Creo que el Derecho no puede ir más allá sin peligro. En torno a la ley del solo sí es sí se ha generado un debate, sin embargo, cuyo presupuesto es la reivindicación del deseo como única base ética y legal de un “verdadero” consentimiento. Feministas de mucho prestigio, como Clara Serra, Nuria Alabao o Laura Macaya han insistido en la paradójica pasivización de la mujer que acompaña al concepto de “consentimiento afirmativo” así formulado: recuerda a los carnets de baile de los personajes femeninos de Jane Austen, que aguardaban en un rincón las propuestas de los pretendientes. Pero junto a esta crítica atinadísima, hay que decir que la formulación del “consentimiento afirmativo” (con todos esos ambiguos y exaltados “actos exteriores, concluyentes e inequívocos conforme a las circunstancias concurrentes”) apunta además al horizonte del deseo y no al de la voluntad, por mucho que el artículo, por imperativo jurídico, utilice este último término. Desde luego, los elogios triunfalistas con que sus propias artífices han recibido la aprobación de la ley (“sustituye el miedo por el deseo”) así lo indican. El problema es que el espectro utópico del deseo como regulador ético y jurídico de las relaciones sexuales, en sustitución de la voluntad, materializa paradójicamente una lógica hipercontractual que no hace al mundo más libertino sino —si se quiere— más religioso. Durante siglos, el patriarcado localizó la dignidad de la mujer en la maternidad, de manera que solo podía usar sexualmente su cuerpo con vistas a la reproducción. Ahora, una parte del feminismo la localiza en el deseo y en el placer. La maternidad es buena y bonita; el deseo correspondido y el placer también. Lo que me parece peligroso es identificar la dignidad con un uso exclusivo e ideal de los genitales, y ello hasta el punto de despreciar, condenar o incluso penalizar, como indignos o criminales, cualesquiera otros usos que la voluntad de la mujer, y no su deseo, quiera dar al consentimiento sexual.

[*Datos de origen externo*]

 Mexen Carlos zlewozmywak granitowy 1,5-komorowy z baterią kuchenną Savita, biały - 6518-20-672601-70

Esta “utopía del deseo puro”, muy presente en ciertos feminismos, explica el pulso punitivista y abolicionista que atraviesa tímidamente la ley; si el sexo sin deseo es indigno y no libre, criminalizamos el fingimiento generoso de una mujer que responde por amor a las caricias de su pareja, el mal polvo consentido de una noche de borrachera y, desde luego, la “libre” decisión de una trabajadora sexual que no quiere trabajar en un call center.

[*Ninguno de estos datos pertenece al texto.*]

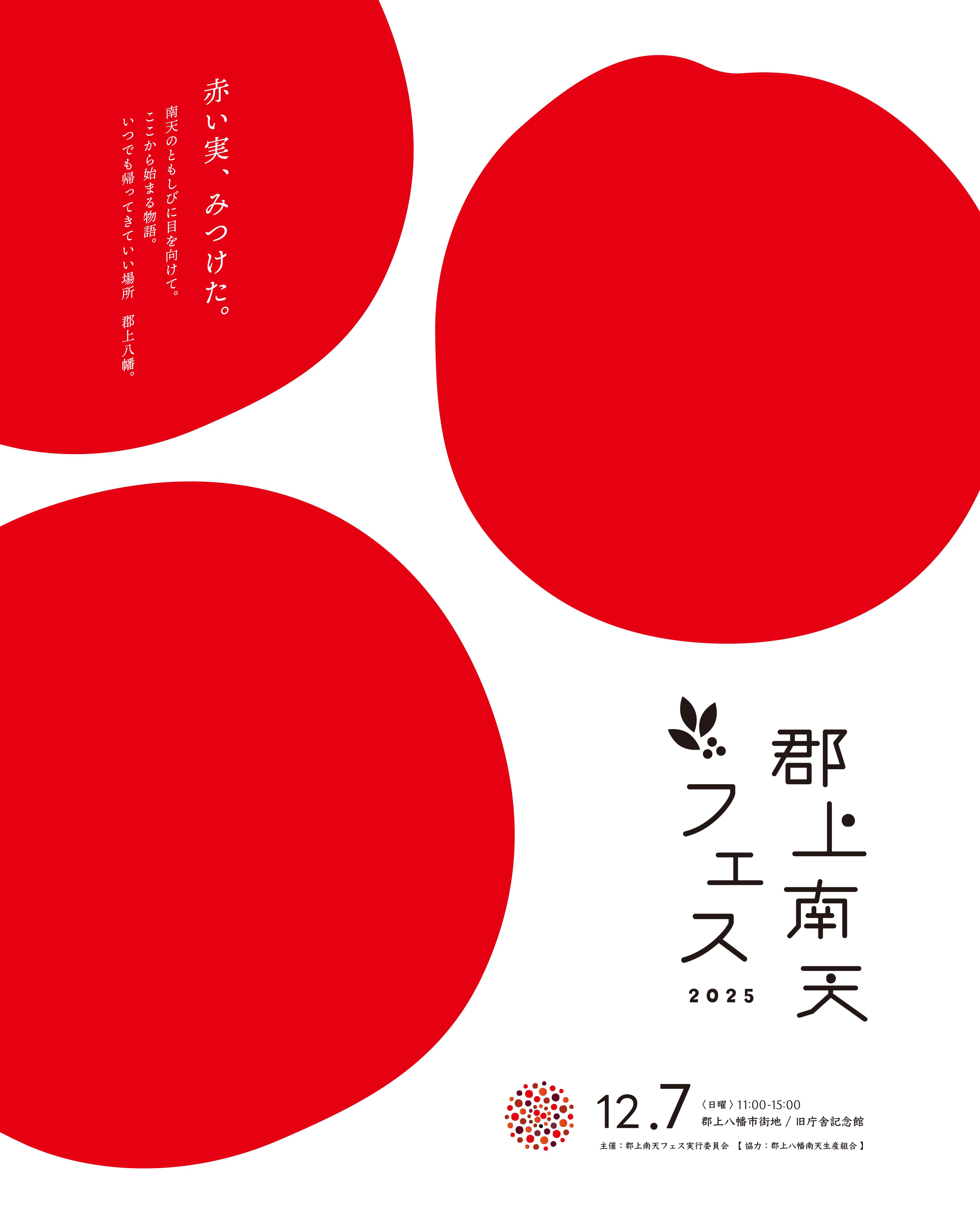 今年で4度目の開催となる「郡上南天フェス」(主催:郡上南天フェス実行委員会・協力:郡上八幡南天生産組合)が令和7年12月7日(日)に開催されます。

Es fundamental que las mujeres reivindiquen su deseo, y el derecho —aún más— a tomar la iniciativa, pero es peligroso que se haga a expensas de la voluntad, la única facultad que admite, a mi juicio, un reconocimiento legal. La voluntad es libre, el deseo no. Tan hermoso es ser libre como estar encadenado a otro cuerpo; es más hermoso probablemente estar encadenado a otro cuerpo. Lo más hermoso de todo es ese domingo de sol en el que que la voluntad y el deseo coinciden por fin en otros brazos. Pero conviene no confundir las dos cosas. En el mejor mundo posible, no lo olvidemos, la sexualidad seguirá siendo oscura, dolorosa, insatisfactoria; y un ambiguo instrumento de poder. Una utopía deseante solo puede ser totalitaria: la del marqués de Sade, en la que el deseo propio anula la voluntad, o la de la religión, en la que la voluntad de Dios anula todo deseo. Ahí en medio está la “libertad”, insegura y amañada, que incluye siempre el riesgo de equivocarse y el de no alcanzar nunca verdadera satisfacción.